:: YOUR INSTRUCTIONS ::
Go to the line in the entries below that holds "Dress up any" and repeat exactly from there through the line that holds "他の画像を見る コトー ブルギニヨン", inclusive.

:: EXERCISE DATA

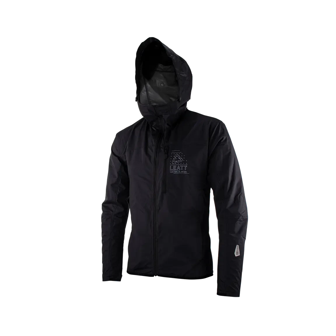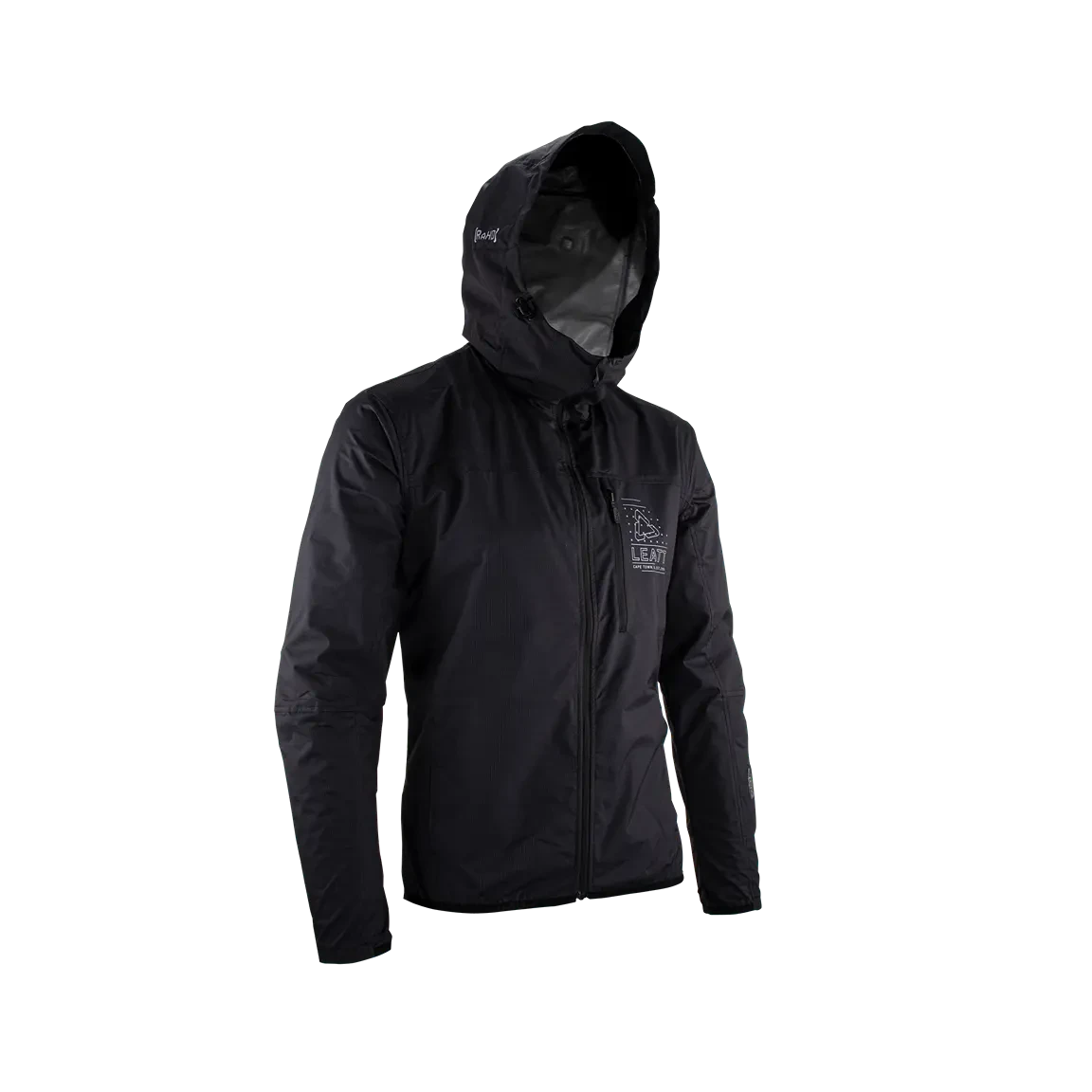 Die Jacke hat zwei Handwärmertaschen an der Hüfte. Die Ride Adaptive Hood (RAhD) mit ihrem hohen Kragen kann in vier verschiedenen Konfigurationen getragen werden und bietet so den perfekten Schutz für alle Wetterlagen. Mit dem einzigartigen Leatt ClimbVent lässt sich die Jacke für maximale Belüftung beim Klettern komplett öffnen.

::::
:: EXERCISE DATA

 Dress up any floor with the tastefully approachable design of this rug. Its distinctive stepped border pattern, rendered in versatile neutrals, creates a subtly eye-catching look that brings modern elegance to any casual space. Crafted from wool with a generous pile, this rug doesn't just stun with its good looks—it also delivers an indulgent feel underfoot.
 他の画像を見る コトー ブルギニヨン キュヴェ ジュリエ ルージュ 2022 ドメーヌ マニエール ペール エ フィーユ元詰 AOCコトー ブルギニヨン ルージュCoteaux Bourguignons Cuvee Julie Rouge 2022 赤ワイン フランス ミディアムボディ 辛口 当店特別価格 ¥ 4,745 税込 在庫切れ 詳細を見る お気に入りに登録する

::::
:: EXERCISE DATA

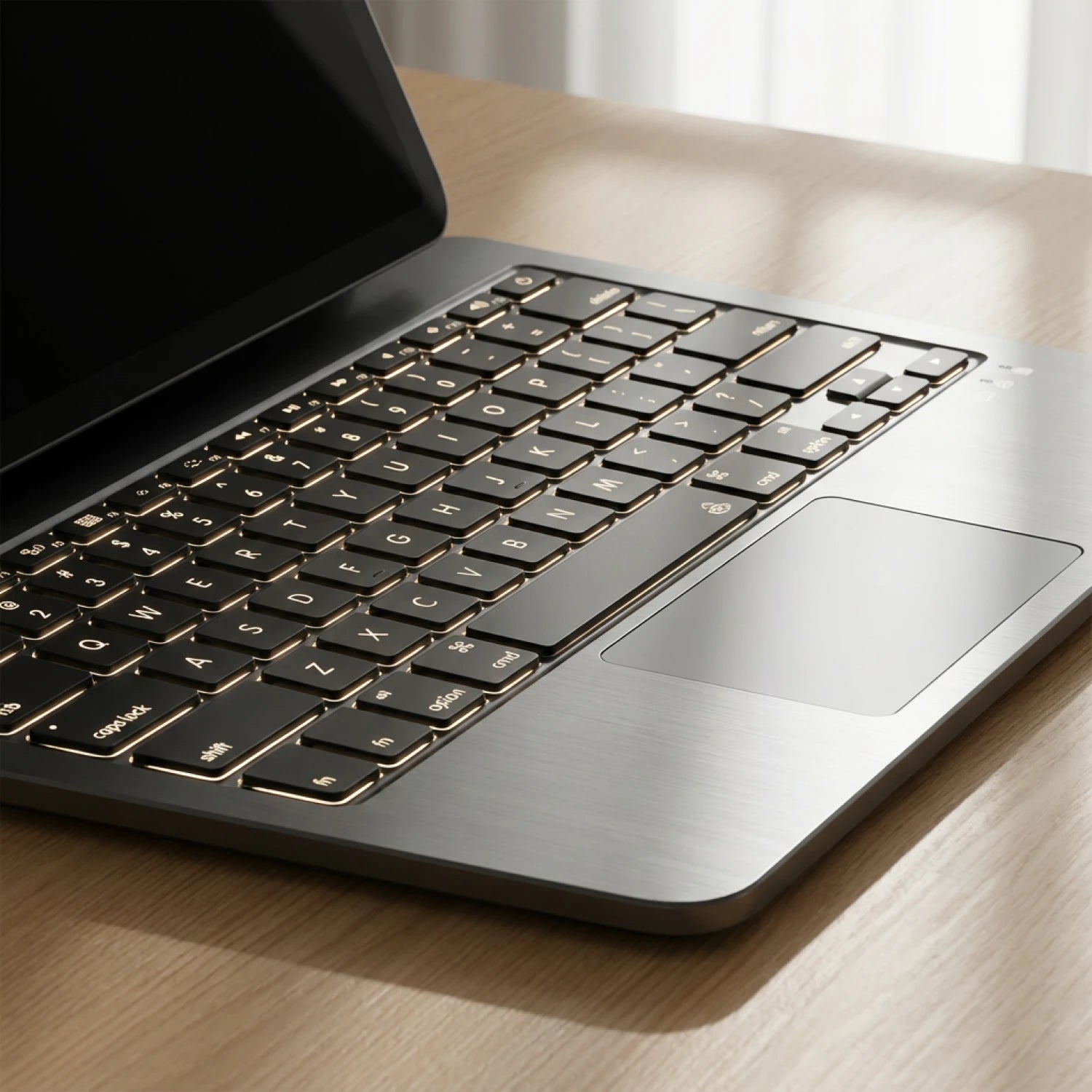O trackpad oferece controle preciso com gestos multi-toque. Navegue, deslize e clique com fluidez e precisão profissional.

::::

:: TASK RESPONSE ::
 Dress up any floor with the tastefully approachable design of this rug. Its distinctive stepped border pattern, rendered in versatile neutrals, creates a subtly eye-catching look that brings modern elegance to any casual space. Crafted from wool with a generous pile, this rug doesn't just stun with its good looks—it also delivers an indulgent feel underfoot.
 他の画像を見る コトー ブルギニヨン キュヴェ ジュリエ ルージュ 2022 ドメーヌ マニエール ペール エ フィーユ元詰 AOCコトー ブルギニヨン ルージュCoteaux Bourguignons Cuvee Julie Rouge 2022 赤ワイン フランス ミディアムボディ 辛口 当店特別価格 ¥ 4,745 税込 在庫切れ 詳細を見る お気に入りに登録する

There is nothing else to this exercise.